Джиан поначалу отругивался, потом, повинуясь приказу Бохая, перестал. Уличные постепенно выдохлись и затихли. Дальше переговаривались уже между собой вероятно, обсуждали свою дальнейшую участь.
Борцы занимались тем же самым.
Консерватория, уныло сказал Бэй. Сутки на рыло, не меньше.
Сутки это легко отделаемся, буркнул Бохай.
Угу. И Вейж ещё всыплет.
Это уж как пить дать
Из разговора борцов я с удивлением понял, что задерживаться в обезьяннике и нести хотя бы административную ответственность за драку в общественном месте, ущерб, нанесённый имуществу граждан (я одних только побитых машин насчитал с десяток) и телесные повреждения, которые благодаря им получили уличные, никто из борцов не планирует. Парни боялись наказания, которое получат в школе. Всё. Ответственность за совершённые правонарушения их не беспокоила от слова совсем, они обсуждали лишь, как скоро отсюда выберутся. В самом факте того, что выберутся, ни секунды не сомневались.
И, как выяснилось вскоре, оказались правы.
К решётке, отделяющей камеры от коридора, подошёл какой-то человек в сопровождении двух надзирателей.
Разговоры и в нашей камере, и в камере соседей мгновенно смолкли. Кем бы ни был этот человек его появления ждали.
Он был одет в строгий деловой костюм, подмышкой держал кожаную папку. Небрежно завязанный галстук, туфли из тонкой кожи, предназначенные явно не для того, чтобы месить уличную грязь в местной моде я не разбирался, но даже мне стало понятно, что одежда и обувь посетителя стоят подороже многих машин, стоявших на парковке у торгового центра.
Человек застыл у решётки, глядя на нас. Борцы под его взглядом тушевались и опускали глаза, вместе с тем стараясь принять благочестивые позы. Получалось это, сидя на полу, не очень.
Человек вздохнул и укоризненно покачал головой. Открыл папку и вынул из неё лист бумаги.
Я буду называть фамилии, сказал он. Каждый, кого назову, должен выйти в коридор и встать лицом к стене. Кивнул одному из надзирателей. Тот, погремев ключами, отпер и распахнул дверь.
Бохай Ван! принялся зачитывать по листу человек.
Бохай поднялся на ноги, сложил руки за спиной, вышел из камеры и замер, уткнувшись лицом в стену.
Ронг Ли!
Ронг поднялся, вышел и встал рядом с Бохаем.
Лей Ченг!
Меня будто обожгло. Я сидел на полу, не в силах пошевелиться.

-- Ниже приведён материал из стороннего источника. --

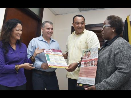 Contributed Minister of Health, Dr Christopher Tufton (second right), listens as Director of Health Promotion and Protection in the Ministry, Dr Sonia Copeland (right), comments on the Zika education flyer developed by Fontana Pharmacy with support from the ministry. Others (from left): are directors of Fontana Pharmacy, Anne Chang and Ray Therrien.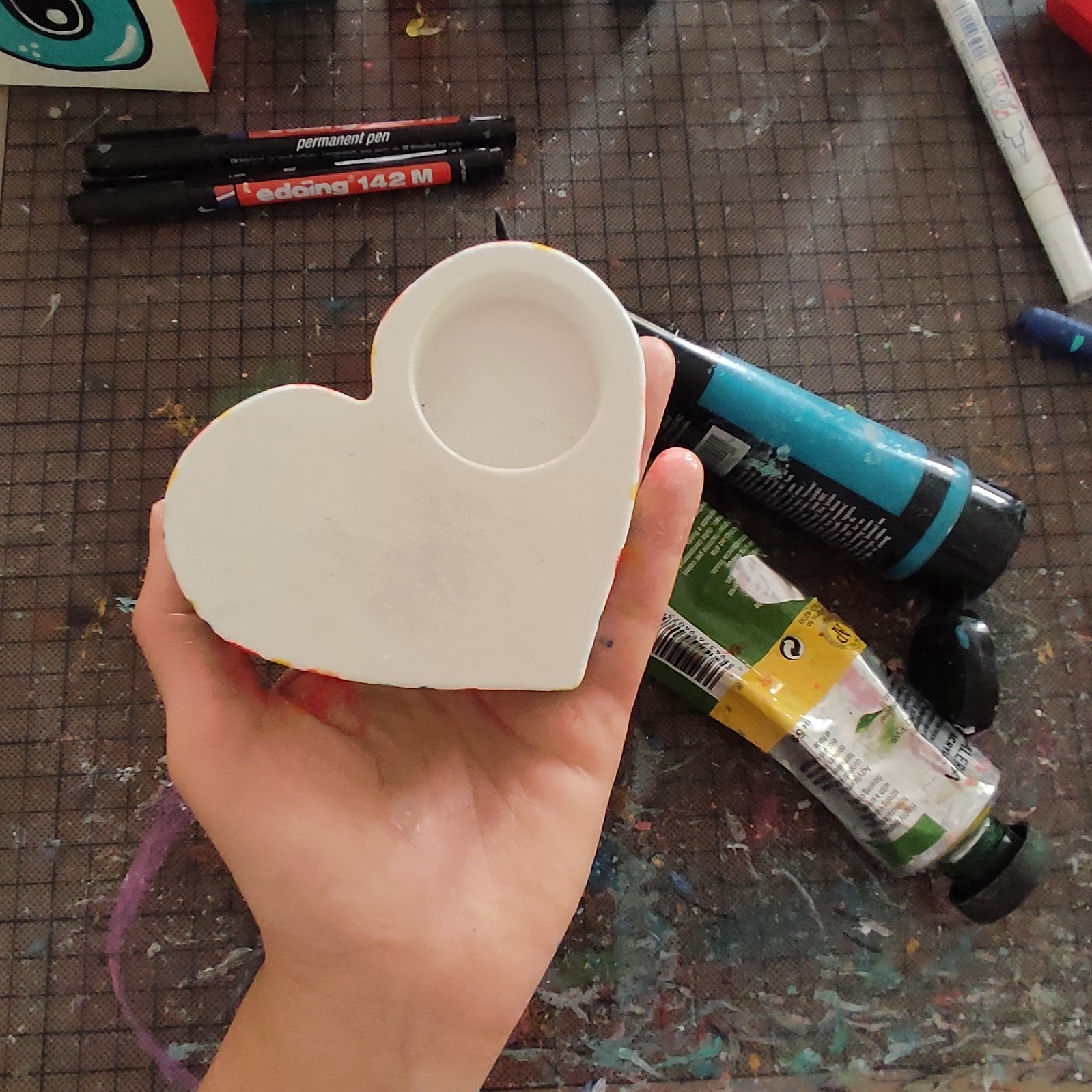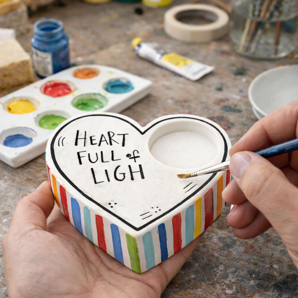 Κηροπήγιο σε σχήμα καρδιά από λευκό τσιμέντο, με θήκη ρεσώ.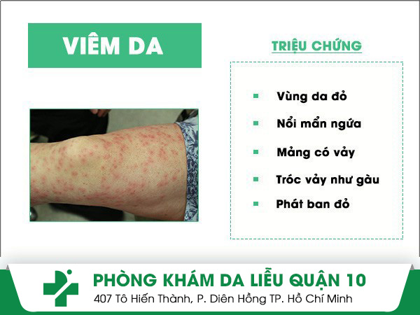 ♦ Viêm da: Nhóm bệnh viêm da là nhóm bệnh phổ biến hiện nay, trong đó có nhiều hình thái khác nhau bao gồm viêm da dị ứng, viêm da cơ địa, viêm da tiếp xúc, viêm da tiết bã,… Phần lớn các bệnh viêm da đều có biểu hiện bóng nước, rỉ dịch, bề mặt hình thành một lớp mài và tróc ra. Đặc biệt viêm da có thể gây ngứa ngáy liên tục và dữ dội, đặc biệt khi bị va chạm hoặc cọ xát.

Лей Ченг, повторил человек и вопросительно обвёл нас глазами.
Кто-то кажется, Бэй толкнул меня в плечо.
Я поднялся и на ватных ногах, кое-как дошагал до стены коридора. Встал рядом с Ронгом.
Фу Чжао! продолжил человек.
Меня придавило к полу не осознание того, что свою фамилию узнал через полгода после того, как оказался здесь. Надо бы, кстати, на всякий случай еще и дату рождения узнать. Хотя бы выяснить, сколько мне лет лишней информация точно не будет. Меня прибило узнавание фамилии. Моего лучшего друга того, что погиб в перестрелке, звали Джен Ченг. Фамилия не редкая, но и не самая распространённая. Теперь, как выяснилось, её носил я.
После того как нас выстроили в коридоре, человек с папкой задумчиво прошёлся вдоль ряда. И вдруг гаркнул:
Совсем страх потеряли, подонки?!
Я покосился на него с удивлением не сразу понял, что обращается он не к нам. А к тем, кто сидит в соседней камере.
«Подонки» жалобно, вразнобой заголосили в том духе, что ни в чём не виноваты, шли по своим делам и никого не трогали, мопед не мой, я просто объяву разместил.
Молчать! рявкнул человек с папкой. К вашей кодле и без того накопилось немало вопросов. А уж то, что вы совершили сегодня это последняя капля. Жаль, что вашему вожаку вышибли мозги без меня. Я с удовольствием сделал бы это сам.
«Кодла» испуганно притихла.
В день, когда нас постигла такая утрата, горько проговорил человек. В день, когда весь наш клан замер от горя, вы У меня просто слов нет. Бросил нам: На выход.
А с этими что? спросил кто-то из надзирателей. Имея в виду, очевидно, уличных.
Я бы перестрелял их, как собак, презрительно бросил человек. Но решать, к сожалению, не мне. Пока пусть сидят и молятся на милосердие клана; что с ними делать, решат позже. Сейчас не до них.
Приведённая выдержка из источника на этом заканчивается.